Original Research ARTICLE
Pharmacokinetics of Conventional and Long-Acting Oxytetracycline Preparations in Kilis Goat
- Faculty of Veterinary Medicine, Department of Pharmacology and Toxicology, Ankara University, Ankara, Turkey
The pharmacokinetics of conventional and long-acting (LA) oxytetracycline (OTC), widely used broad-spectrum antibacterial drugs in veterinary medicine, were evaluated in Kilis goats at single dosage of 20 mg/kg body weight (bw). A total of 21 goats were divided into three groups: intravenous (Group I) and intramuscular (IM) (Group II) administration of the conventional formulation and IM administration of the LA formulation (Group III). Blood samples were taken at 0.25, 0.5, 1, 2, 4, 8, 12, 24, 36, 48, 60, 72, and 96 h; and OTC analysis was performed by HPLC. For Group III and Group II, time to reach maximal plasma drug concentration (Tmax) was 0.6 ± 0.28 and 0.46 ± 0.09 h and maximal plasma drug concentrations (Cmax) were 8.72 ± 2.47 μg/ml and 13.57 ± 5.83 μg/ml, respectively. In Group I, C0 concentration was found to be 63.51 ± 11.59 μg/ml. The elimination times (T1/2) were 10.84 ± 3.20, 27.96 ± 11.66, and 10.47 ± 1.30 h; and AUC were 115 ± 29.12, 96.44 ± 9.49, and 80.86 ± 12.76 μg/ml/h for Group I; Group II, and Group III, respectively. Bioavailability by IM administration were 69.71% for the conventional OTC and 83.15% for the LA OTC.
Kilis Goat is a hybrid of hair goat and goat of Aleppo. The hair is usually black, but can also be brown, tan, gray, or tawny.
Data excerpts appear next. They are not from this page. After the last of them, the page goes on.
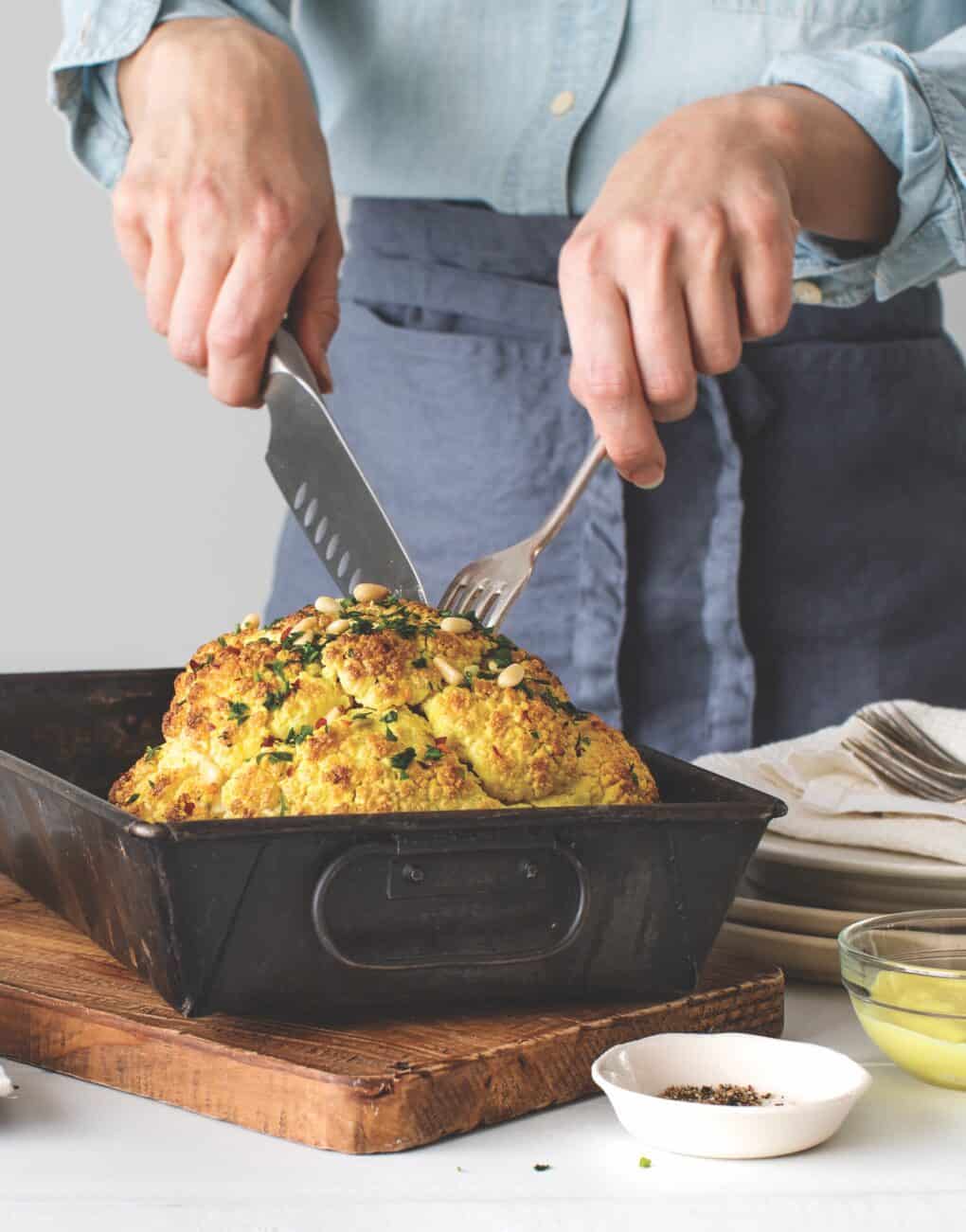 This turmeric spiced whole roasted cauliflower is really easy, looks gorgeous, and makes such a delicious meal that will satisfy the most ardent omnivores.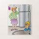 Ett pussel med en rolig tecknad om barn som använder svära på ord i skolan. Originalteckningar efter DBcartoons.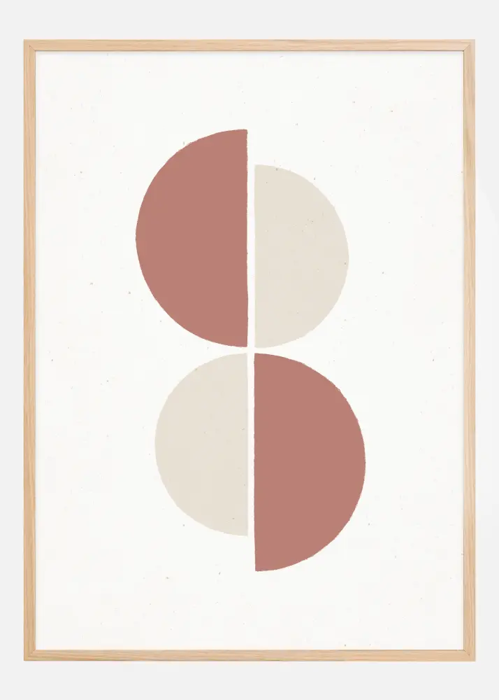 Tämä tyylikäs ja nykyaikainen juliste erottuu yksinkertaisuudellaan ja eleganssillaan. 'Rust and Sand - Duo' on leikkiä geometrialla ja värillä, jossa kaksi puolikasta ympyrää, rustiikkinen ruosteensävy ja pehmeä hiekkasävy, luovat kiinnostavan visuaalisen kontrastin. Kuvio voi inspiroida mietiskelyyn ja sopii erinomaisesti minimalistisiin tai moderneihin sisustustyyleihin, jotka keskittyvät puhtaisiin linjoihin ja hienovaraisiin väreihin.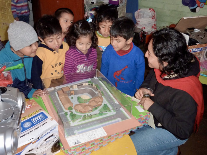 Architektin Rondón erklärt den Kindern die geplanten Bauten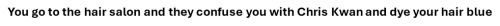 You go to the hair salon and they confuse you with Chris Kwan and dye your hair blue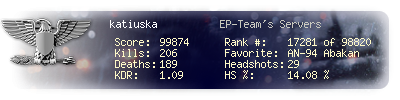 | Kill-streak | 7 | Death-streak | 14 | Team Kills | 1 |

As a trait, they are large with a long body; where the females have a developed mammary gland along with good dairy performance (1), corresponding to the highest milk yield among the other domestic breeds. Production of the Kilis Goats is officially carried out in Gaziantep, Hatay, and particularly in Kilis. It is estimated that their number is between 60,000 and 70,000 (2, 3).
Oxytetracycline (OTC) is a broad-spectrum antibiotic, frequently used in veterinary medicine for gastrointestinal and respiratory system diseases, for mainly aerobic microorganisms including Gram-positive/negative bacteria, Rickettsia, Mycoplasma, and Chlamydia species. Long-acting (LA) formulation of the drug is available in different solvent. Those formulations are used considering a dose interval of 3 to 5 days. Furthermore, OTC, as an HCl salt, can be administered by different routes. It can be easily absorbed by the mammalian intestine, while the absorption is limited in poultry. After oral administration in ruminants, OTC loses its effect because of the front gut flora. Following oral administration, the value of t1/2 was previously described as 3.6 h in sheep and goats (4). Therefore, the parenteral route is preferred for the systemic effect (5). OTC, passes into intracellular fluid quickly when administered systemically. The drug can also pass the blood–brain barrier and the placenta as well (6). It accumulates in the internal organs, including liver, kidney, spleen, and the lungs, and also in developing parts of the bones (4). It passes to the eyes, synovial fluid, milk, and eggs (4). OTC is metabolized in the liver, where it is converted into tetracycline and then it is mostly excreted through the bile and urine (7–10). OTC is removed from the body by being filtered by glomerulae of the kidney. However, it remains long in the body when dispersed in excess proportion to the tissues and gets into circulation of the liver–intestine (11–14).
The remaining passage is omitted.